The standalone mode can only work with the graph data with one partition

navmarri · February 16, 2021, 11:00pm

I’m trying to perform distributed training on an instance with 8GPUs. I have a graph with 8.5M nodes and 1.2B edges. I created 8 partitions

dgl.distributed.partition_graph(graph, 'graph_partition', 8, 'partitions/')

When I try to load the partitoned graph into memory, I get the following error

>>> g = dgl.distributed.DistGraph('graph_partition', part_config='partitions/graph_partition.json')
Traceback (most recent call last):
  File "<stdin>", line 1, in <module>
  File "/home/ubuntu/anaconda3/envs/tensorflow2_p36/lib/python3.6/site-packages/dgl/distributed/dist_graph.py", line 390, in __init__
    'The standalone mode can only work with the graph data with one partition'
AssertionError: The standalone mode can only work with the graph data with one partition

Is distributed training supported for single instance with multiple GPUs?

VoVAllen · February 18, 2021, 8:49am

Please follow https://github.com/dmlc/dgl/blob/master/examples/pytorch/graphsage/train_sampling_multi_gpu.py when you are running on single machine with multi-gpu. Standalone mode is mainly for debugging usage.

navmarri · February 19, 2021, 10:06pm

This example doesn’t deal with DistDataLoader. I’m getting out of memory issues when training using dgl.dataloading.EdgeDataLoader on a graph with 8M nodes and 1.2B edges. My machine has 480GB.
I’m wondering if I can levearge partition graph to train in distributed fashion.But looks like it is not supported in single machine(multiple GPUs). Is that the case?

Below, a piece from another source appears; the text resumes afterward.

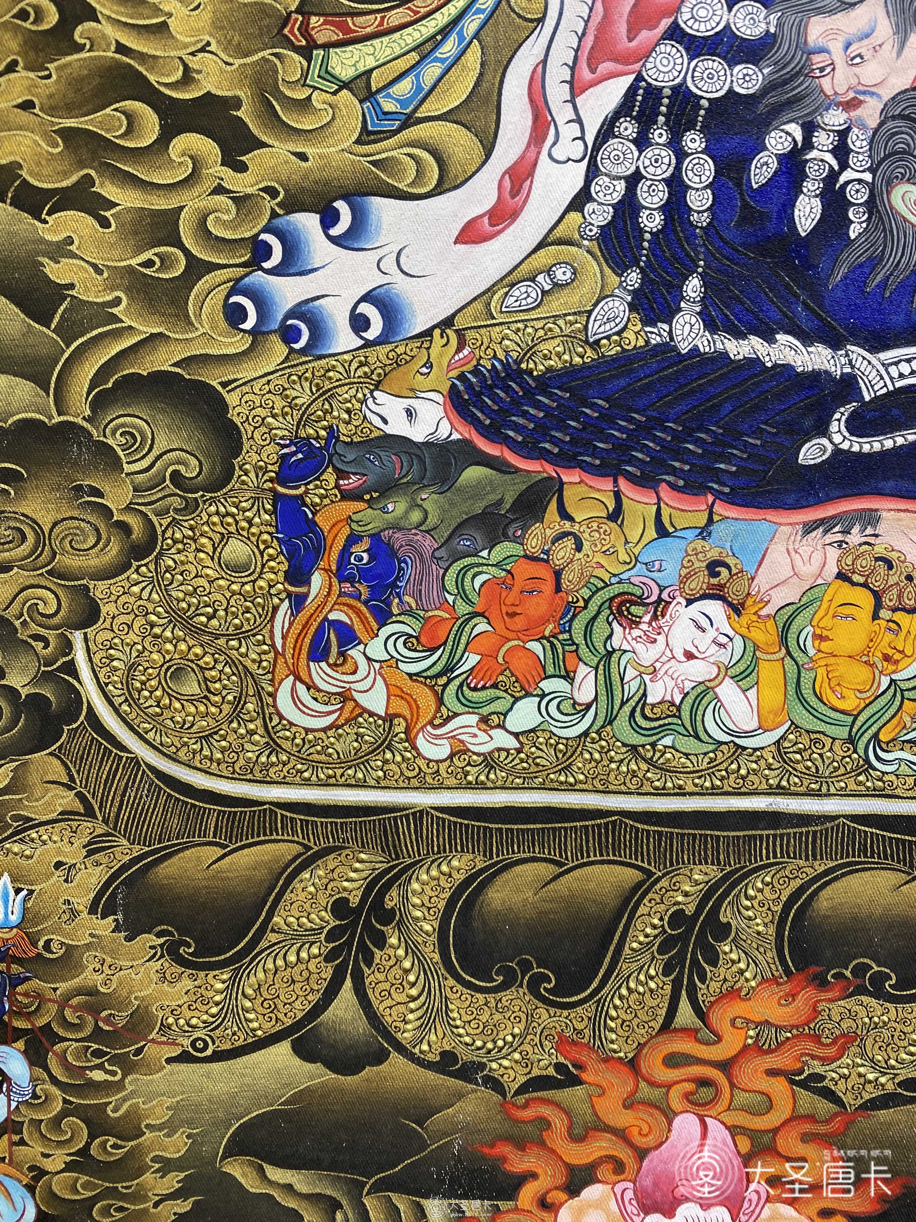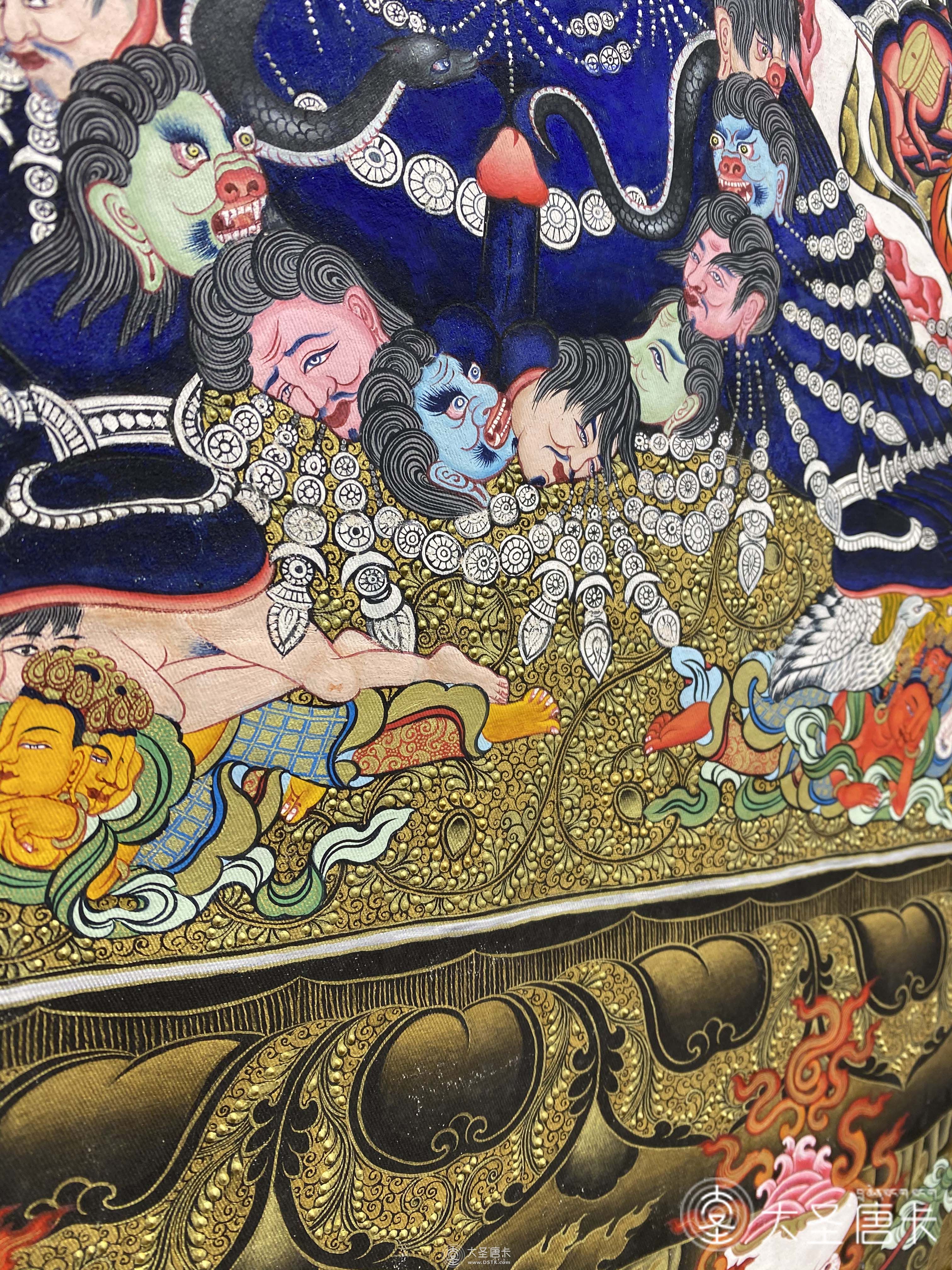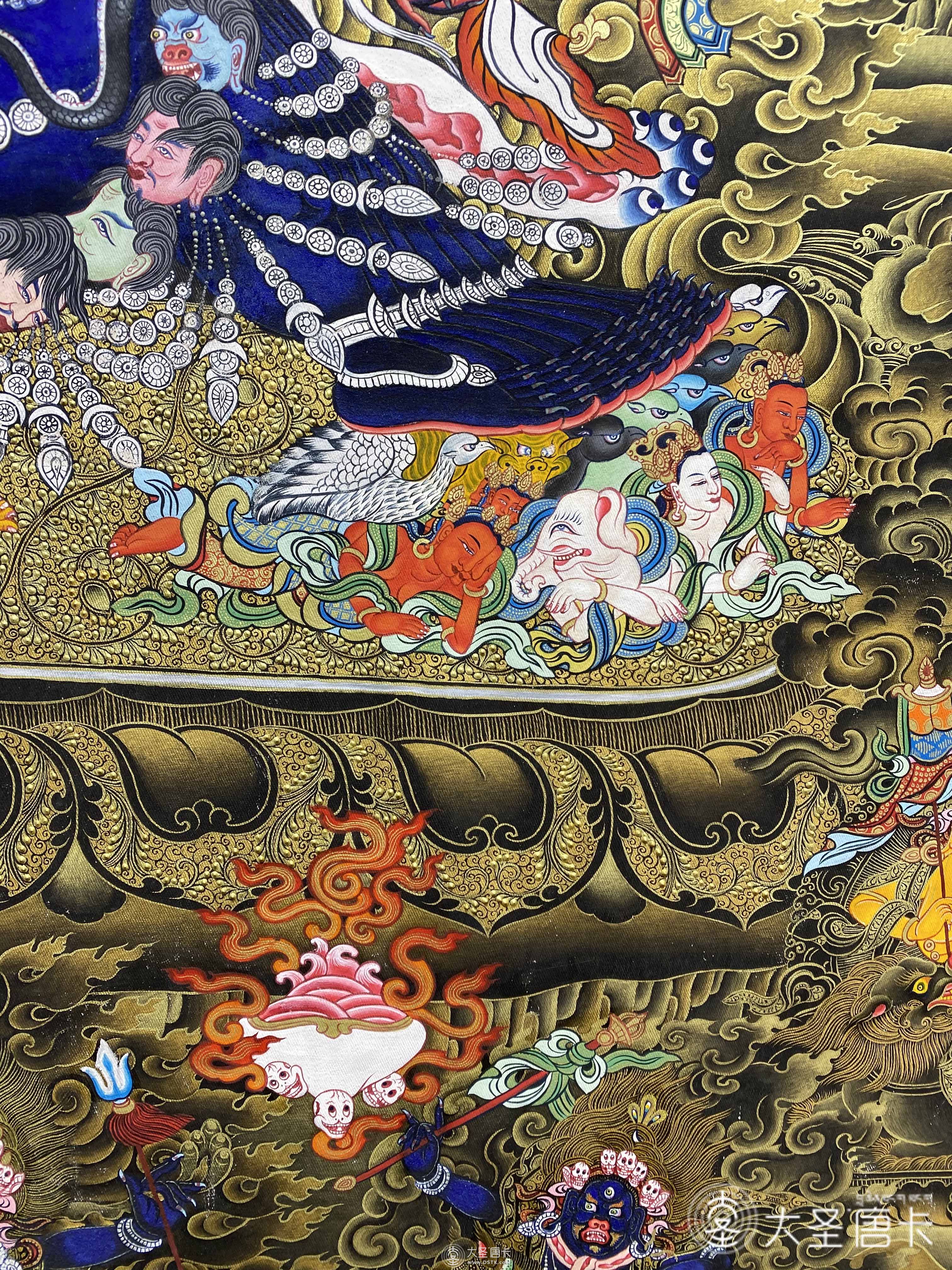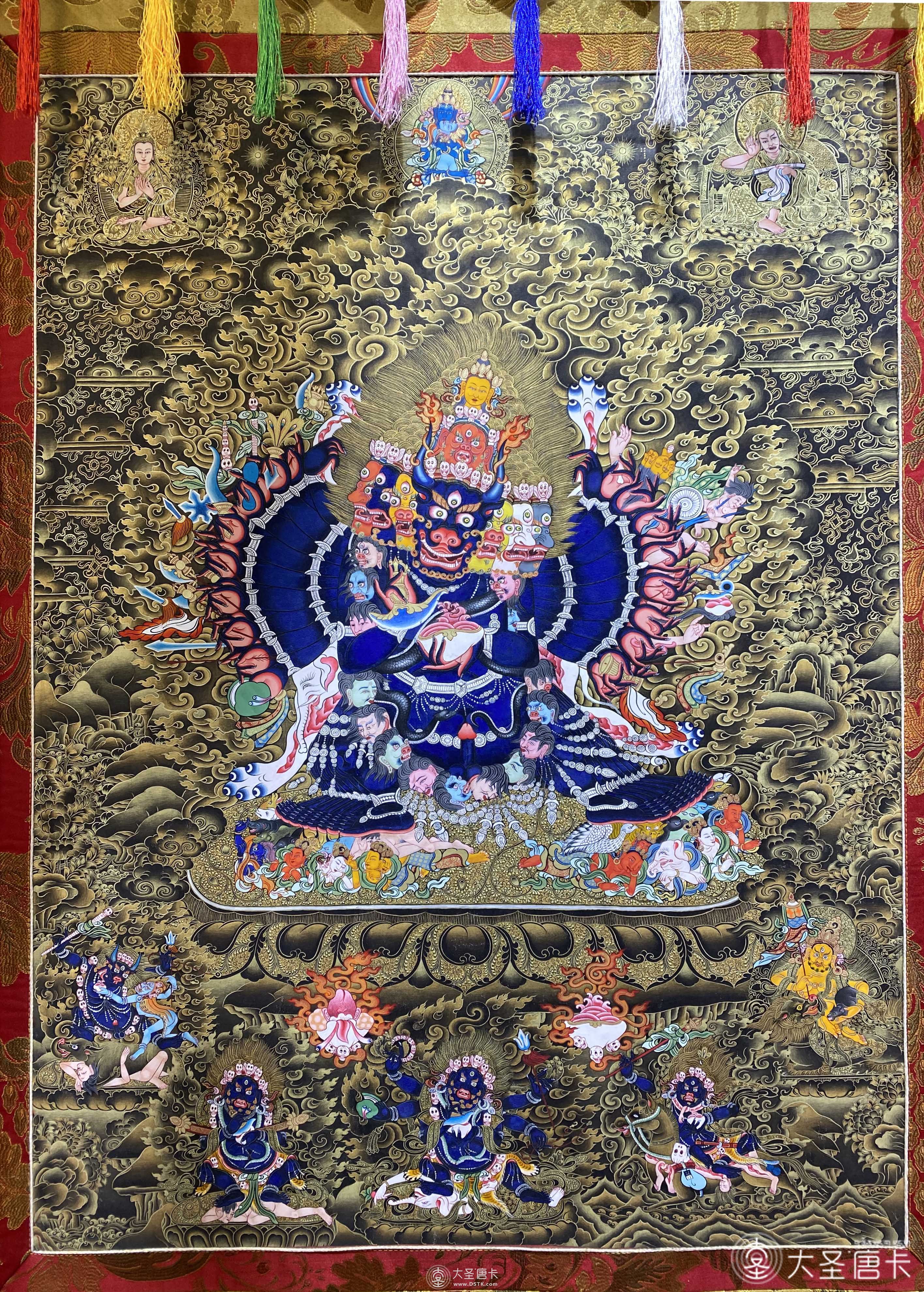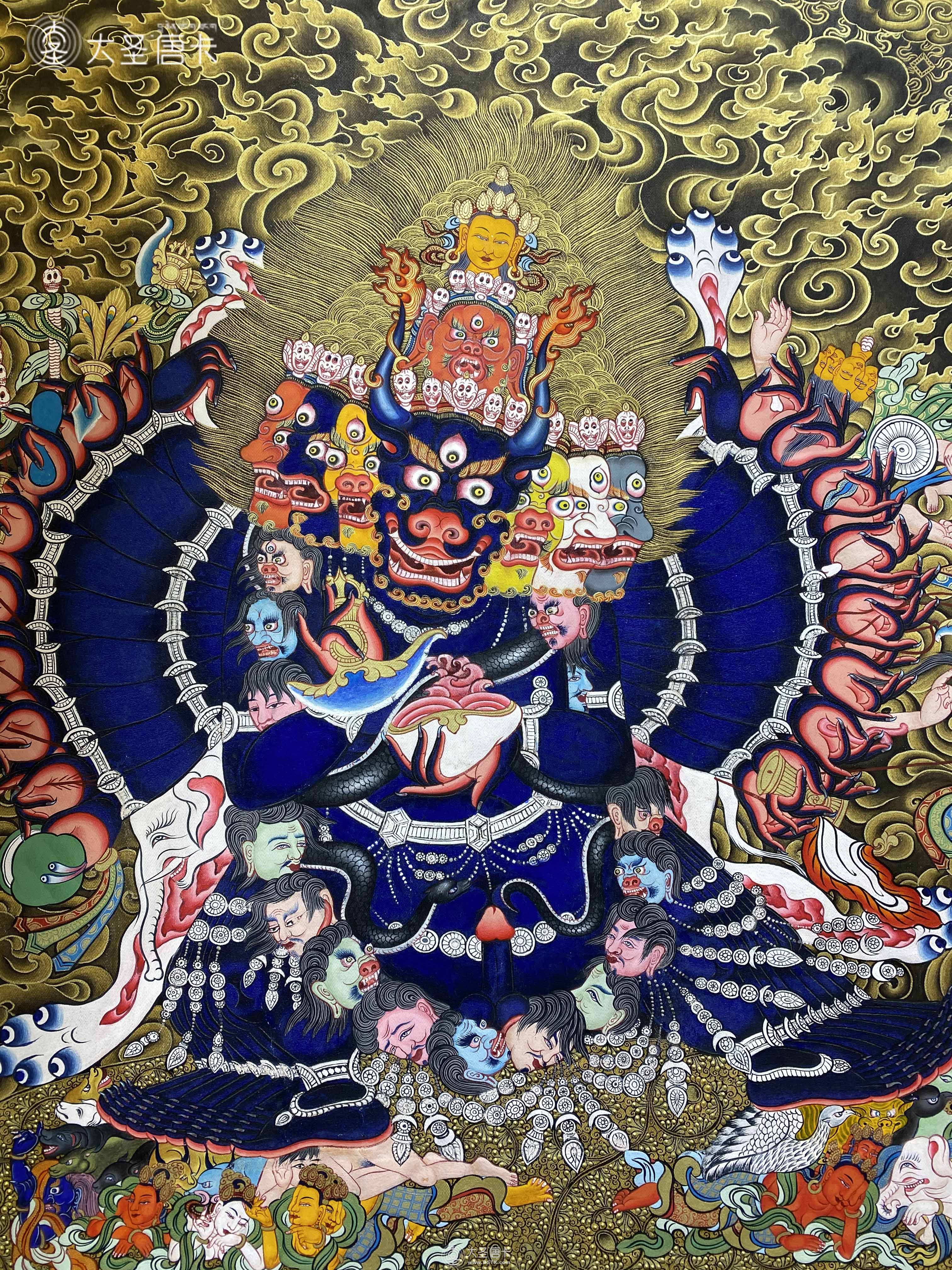 產地:熱貢 工藝:黑金 創作年份:2020 題材:大威德金剛 繪制時間:4月 尺寸:*62*85cm 裝裱: 材質:織面 使用場地:客廳

VoVAllen · February 22, 2021, 7:17am

Partition won’t help in this case since you always need to load the whole graph in the memory. Which code are you following for multi GPU training?
Are you OOM on cpu memory or gpu memory?

system · March 24, 2021, 7:18am

This topic was automatically closed 30 days after the last reply. New replies are no longer allowed.